Em 10/02/2025, a sinistrada apresentou requerimento pretendendo a retificação das respostas aos quesitos 4.º e 5.º, solicitando, nos termos do art.º 30.º, n.º 1 da LAT, a realização de um exame pericial do tribunal, no qual os Peritos se pronunciem acerca dos benefícios e riscos da realização da cirurgia proposta à sinistrada e requerendo a nulidade da decisão dos Srs. peritos de considerarem a consolidação das lesões.

A seguradora não se pronunciou.

Foi proferido despacho, em 27/02/2025, pelo qual o tribunal “a quo” decidiu o seguinte:

«1)- Indefiro a arguição de nulidade;

2)- Determino a continuação da junta médica para:

a)– apreciar o pedido de rectificação; e

b)– prestar os seguintes esclarecimentos:

- A necessidade (ou desnecessidade) de realização de exame radiológico actual para aferição do estado actual da fractura da tíbia (em suma: quais as razões para assentar o juízo formulado na consideração da manutenção do estado retractado no exame radiológico de Novembro de 2023);

- Qual a concreta cirurgia a que fazem menção no auto de junta médica;

- Quais os benefícios e riscos desse tratamento cirúrgico;

- Se e, na afirmativa, quais os períodos de ITA e ITP que possa importar tal tratamento;

- Determinar o grau de IPP (e, se for o caso, da IPATH) em face da situação actual (no pressuposto – ainda que não seja o defendido – de ser justificada a recusa de realização da cirurgia).»

Foi realizada nova reunião da junta médica, na qual os Srs. peritos médicos, por unanimidade, retificaram a resposta aos quesitos 4.º e 5.º formulados pela sinistrada, no sentido de que a sinistrada não está afetada de incapacidade permanente absoluta para o trabalho habitual e respondendo às questões formuladas pelo tribunal no despacho de 27/02/2025 com a afirmação de que “Face ao estado atual objetivado pelo exame clínico – possibilidade de apoio monopodalico nos membros inferiores sem instabilidade ou dor no local em que aconteceu a fratura – é de admitir clinicamente não haver indicação para qualquer ato cirúrgico.

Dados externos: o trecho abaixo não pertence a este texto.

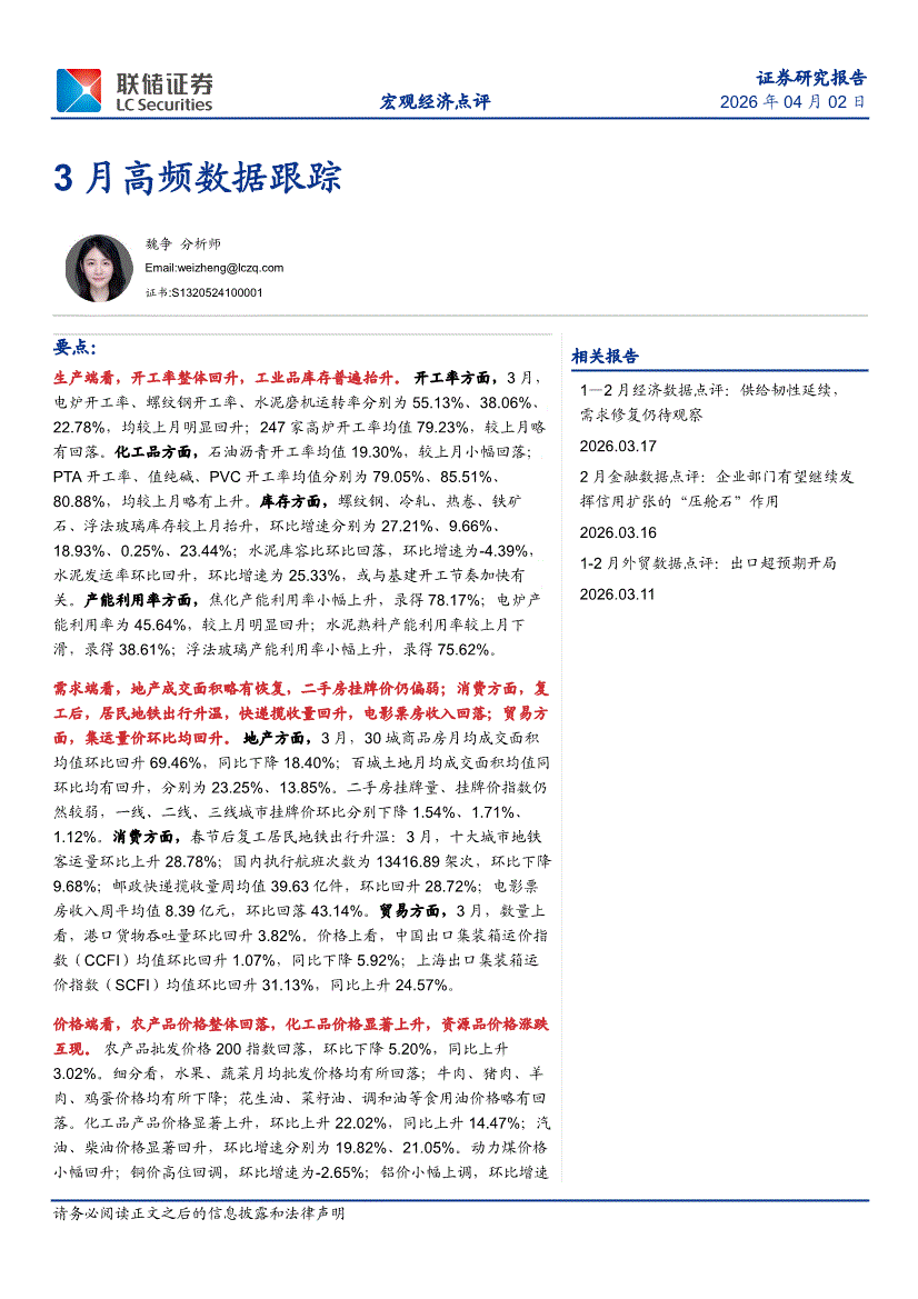 联储证券-3月高频数据跟踪-260402

Sendo assim não é necessária a realização de exames complementares de diagnóstico nomeadamente Rx aos ossos da perna esquerda. Face ao supra exposto considera-se prejudicada a resposta aos demais quesitos.”

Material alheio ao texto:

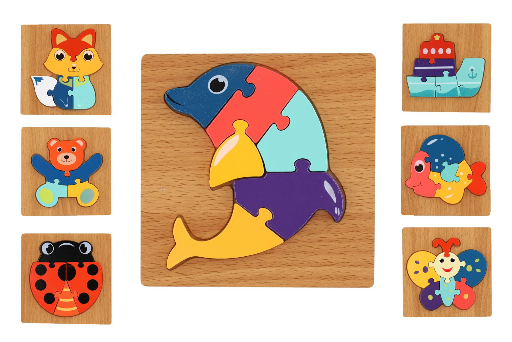 Oblíbená dřevěná vkládačka se zvířátky pomáhá dětem rozvíjet motoriku, logické myšlení i poznávání tvarů a zvířecí říše. Každý dílek má své místo – stačí najít ten správný tvar a vložit ho do otvoru. Vhodné pro děti od 3 let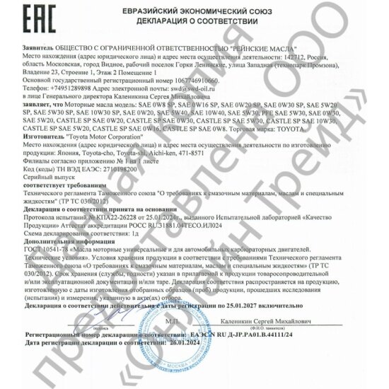Купить Моторное масло Toyota Motor Oil SP/GF-6A 5W-30 синтетическое 1 л (Япония) с доставкой по всей России. Моторное масло Toyota Motor Oil SP/GF-6A 5W-30 синтетическое 1 л (Япония): сравнение цен, характеристики, фото, актуальное наличие и цены.

Em 16/04/2025, a sinistrada requereu a realização de segunda perícia, sem intervenção dos peritos nomeados nos autos, face à contradição entre os dois autos de junta médica quanto à necessidade de realização de cirurgia, por o exame objetivo realizado nas juntas médicas, face às queixas da sinistrada, manifestar deficiência nas premissas usadas para a conclusão retirada e porque os srs. peritos não tiveram em conta o relatório de ortopedia de 11/06/2024 do Hospital ..., padecendo a decisão da junta de deficiência e obscuridade.

Em 07/05/2025 foi proferido despacho indeferindo o requerido, com o seguinte teor:

“A presente acção segue a forma de processo especial prevista nos arts. 99.º e seguintes do CPT. Afastando-se da tramitação da acção comum e estando sujeita a duas fases processuais distintas – uma fase necessária de conciliação e uma fase eventual contenciosa –, vindo a acção a prosseguir os seus termos para esta segunda com fundamento na discordância das partes quanto ao grau de incapacidade, necessariamente que há lugar a uma segunda perícia, sendo esta a da junta médica. Explicando melhor: na fase conciliatória é realizada a primeira perícia médica, de acordo com o previsto no art. 105.º do CPT; na fase contenciosa, haverá lugar à perícia, com junta médica, tal como decorre do previsto no art. 139.º do CPT.

Não há lugar a outra perícia posterior à junta médica, que em todo o caso já seria a terceira perícia realizada nos autos (cfr., neste sentido e a título de exemplo, o decidido já pelo Tribunal da Relação do Porto no proc. n.º1765/20.9T9PNF).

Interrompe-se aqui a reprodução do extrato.